**Exercise goal**: The pictures in the listing below are to be skipped, while the lines between the line holding "Krémový shaggy koberec Croman" and the line holding "Cara lain adalah", inclusive, are to be output exactly.

--- Extracted data Enclosed Below ---

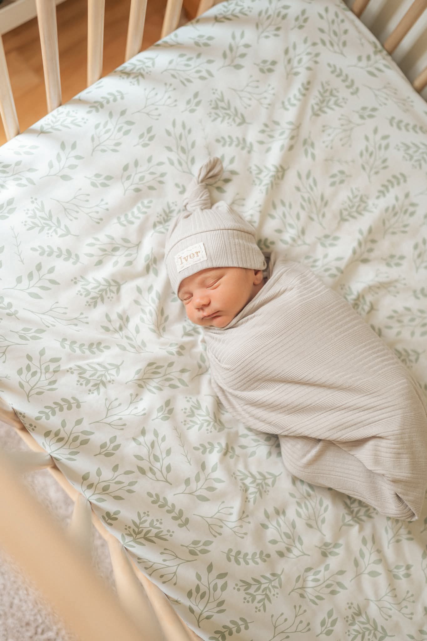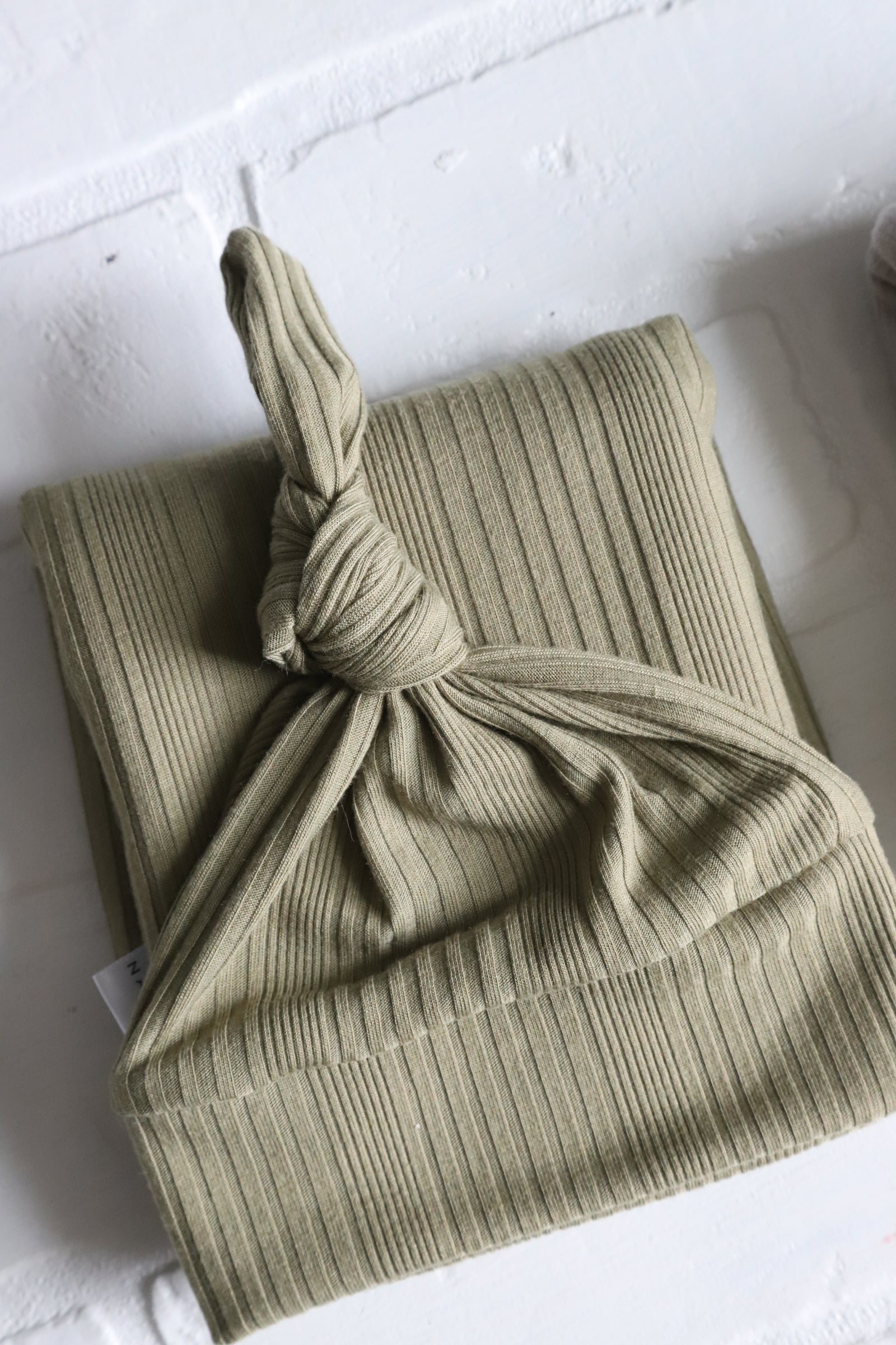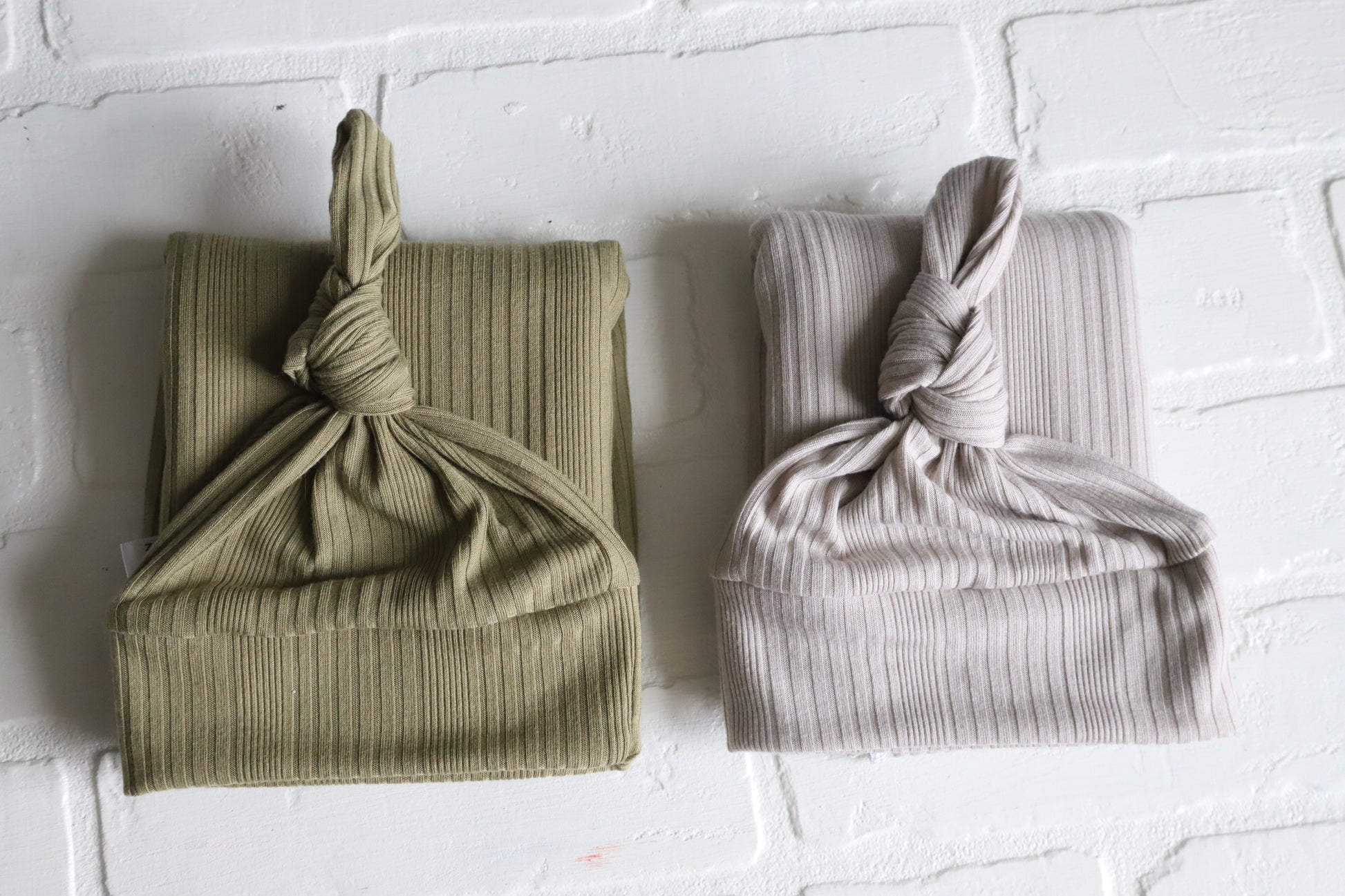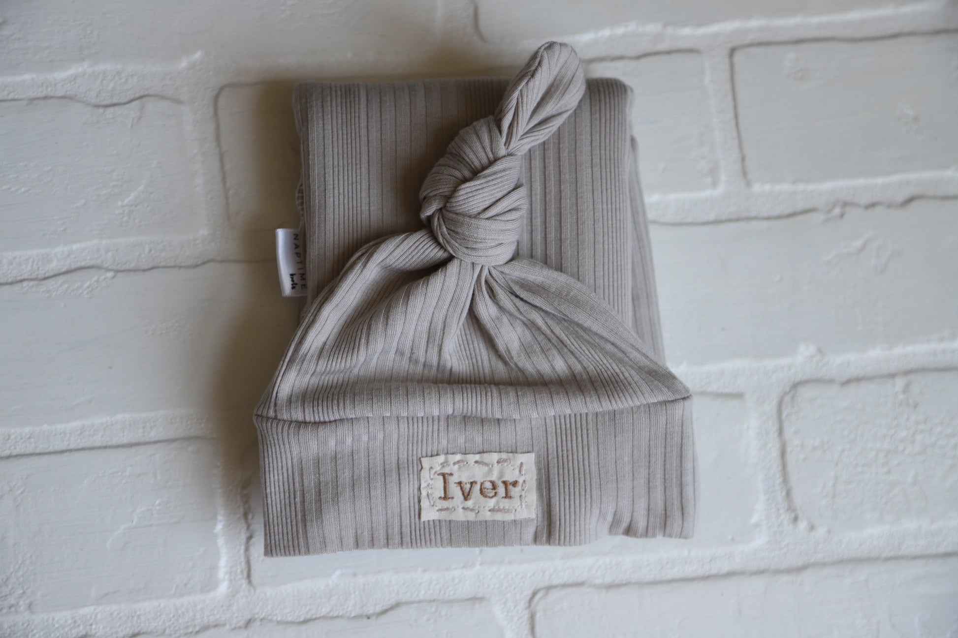 Ribbed Swaddle and Newborn Hat | Taupe or Olive Green
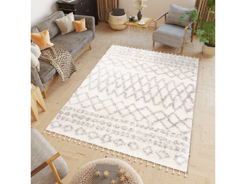 Krémový shaggy koberec Croman
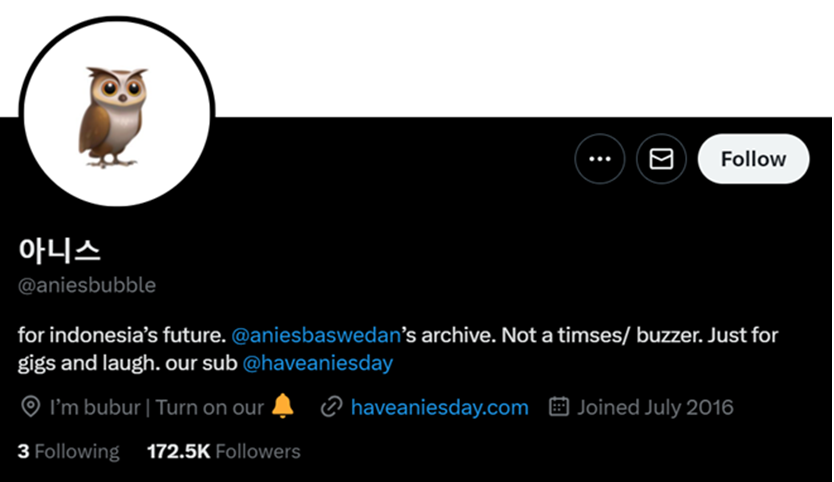 Cara lain adalah membuat akun dengan nada K-Pop. Seperti @aniesbubble, @olpproject. Keduanya cenderung ke capres Anies Baswedan. Sementara cara-cara kreatif lain dilakukan @timpenguinnas yang mendukung capres Ganjar Pranowo.
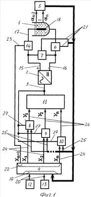 На чертежах показаны гальваническая ванна 1, тиристорный преобразователь 2 с управляющим входом 3, управляющая вычислительная машина 4, измерительные преобразователи 5, один из которых выполнен в виде датчика тока 6, а другой в виде датчика напряжения 7, регуляторы 8-10 параметров процесса, схема 11 выделения минимального управляющего сигнала, задатчики 12-13 параметров процесса и управляемая индуктивность 14, положительная 15 и отрицательная 16 клеммы тиристорного преобразователя 2, токоподвод 17, оксидируемая деталь 18, входной узел 19 управляющей вычислительной машины 4, выходы 20 задатчиков 12-13 параметров процесса, выходы 21 измерительных преобразователей 5-7, выходной узел 22 управляющей вычислительной машины 4, управляющий вход 23 управляемой индуктивности 14, первые 24 и вторые 25 входы, а также первые 26 и вторые 27 выходы регуляторов 8-10 параметров процесса, тиристорного преобразователя 2.
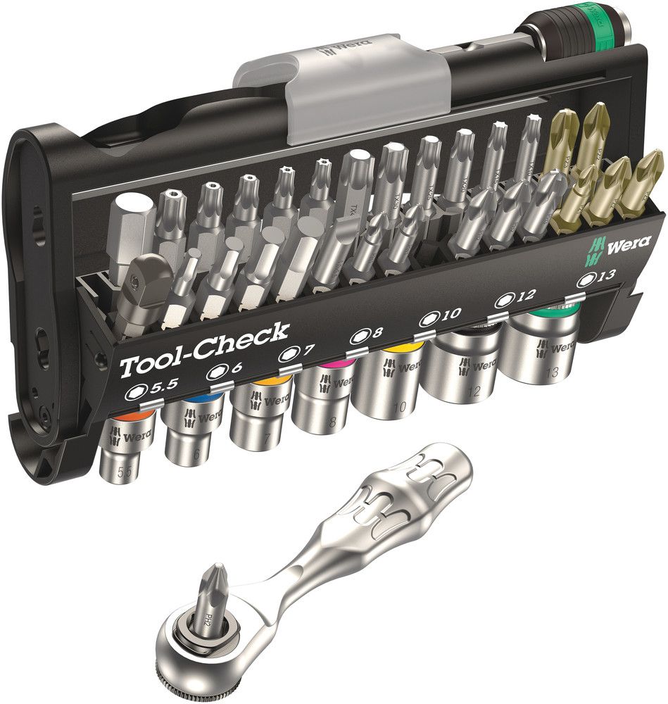 38 tools in the smallest space equipped with 28 bits, bit ratchet (Zyklop - drop-forged solid steel design with direct bit holder), bit holder with quick-change chuck (Rapidaptor technology) and 7 common socket spanner inserts, drive 6.3 mm (1/4″) - for manual and machine operation (conventional cordless screwdriver) Contents: 1 bit holder with quick-change chuck (Rapidaptor technology) (50 mm) 1 bit ratchet (87 mm) 1 bit for slotted screws 1 pc. Size 5.5 x 1.0 mm* for screws with cross recess (PH) 2 pcs. size 1 / 3 pcs. size 2 / 1 pc. Size 3* for screws with cross recess (PZD) 1 pc. Size 1 / 3 pcs. size 2 / 1 pc. Size 3** for screws with hexagon socket profile 1 pc. each Sizes 3 / 4 / 5 / 6 / 8 mm*** for screws with internal TORX® profile 1 each Size T 10 / 15 / 20 / 25 / 30 / 40* for screws with internal TORX® profile also with locking pin 1 pc. each Size T 10 / 15 / 20 / 25 / 30* 1 adapter 6.3 mm (1/4″) external square drive to 6.3 mm (1/4″) external hexagon drive 1 socket spanner bit 6.3 mm (1/4″) square drive SW 5.5 / 6 / 7 / 8 / 10 / 12 / 13 mm * tough with torsion zone ** extra hard with torsion zone *** tough with Hex-Plus technology
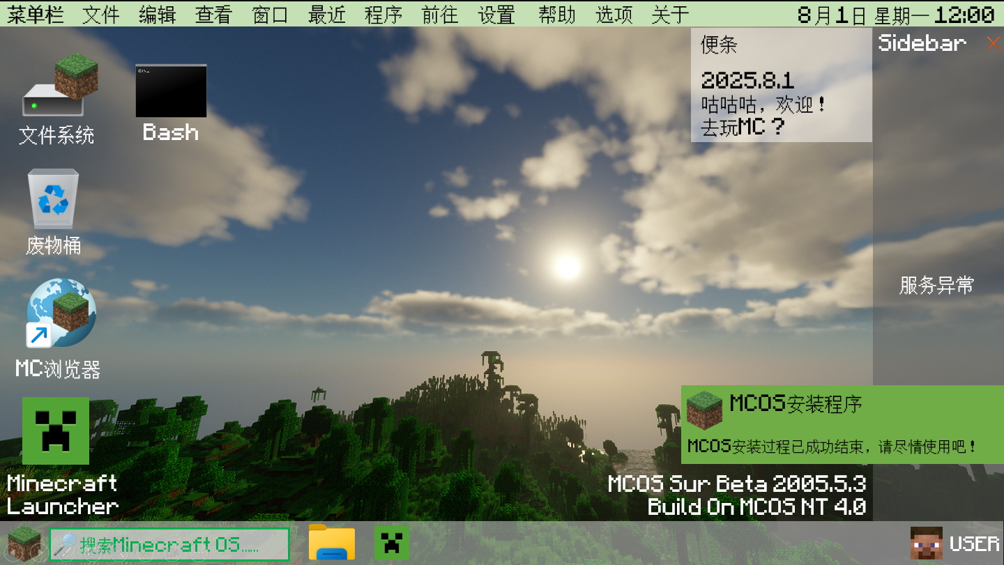 MCOS(Minecraft OS) Sur Beta Build 2005
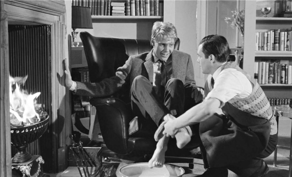 James Fox (the patriarch of a prominent and controversial British acting dynasty) plays Tony, a happy-go-lucky rich boy who doesn’t seem to do much but has cash a-plenty in his pockets. As is the right thing to do for gentlemen like him, he hires a manservant. Hugo Barrett (Dirk Bogarde) is seemingly perfect: hard-working, dutiful, and docile. Tony’s girlfriend Susan is suspicious of him, and rightly so. Barrett is scheming with his lover Vera, who he passes off as his sister to gain her employment in Tony’s home, to all but devour his employer. Soon enough, Tony is a drunken waste of space, utterly dependent on the manservant who has flipped the dynamic to become the master.
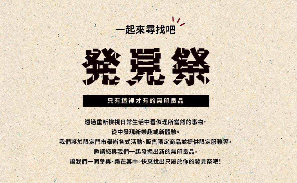 ※MUJI無印良品「發見祭」門市活動(限定門市:統一時代、微風、巨城、台中、台南及巨蛋門市)
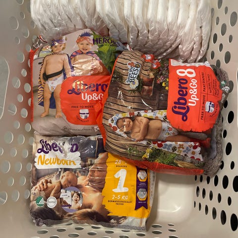 Gis bort til første som kan hente. Hadde en uåpnet pakke igjen etter at våre slutter med bleier.
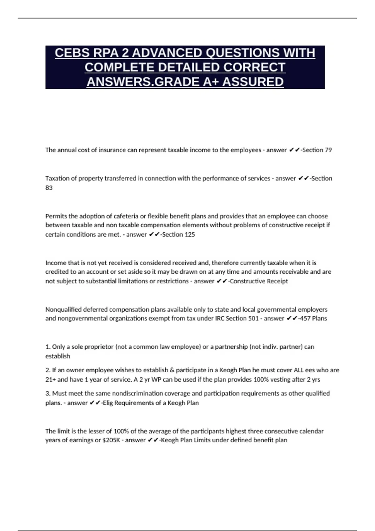 CEBS RPA 2 ADVANCED QUESTIONS WITH COMPLETE DETAILED CORRECT ANSWERS.GRADE A+

--- End of Enclosed Extracted data ---

**Response below**:
 Krémový shaggy koberec Croman
 Cara lain adalah membuat akun dengan nada K-Pop. Seperti @aniesbubble, @olpproject. Keduanya cenderung ke capres Anies Baswedan. Sementara cara-cara kreatif lain dilakukan @timpenguinnas yang mendukung capres Ganjar Pranowo.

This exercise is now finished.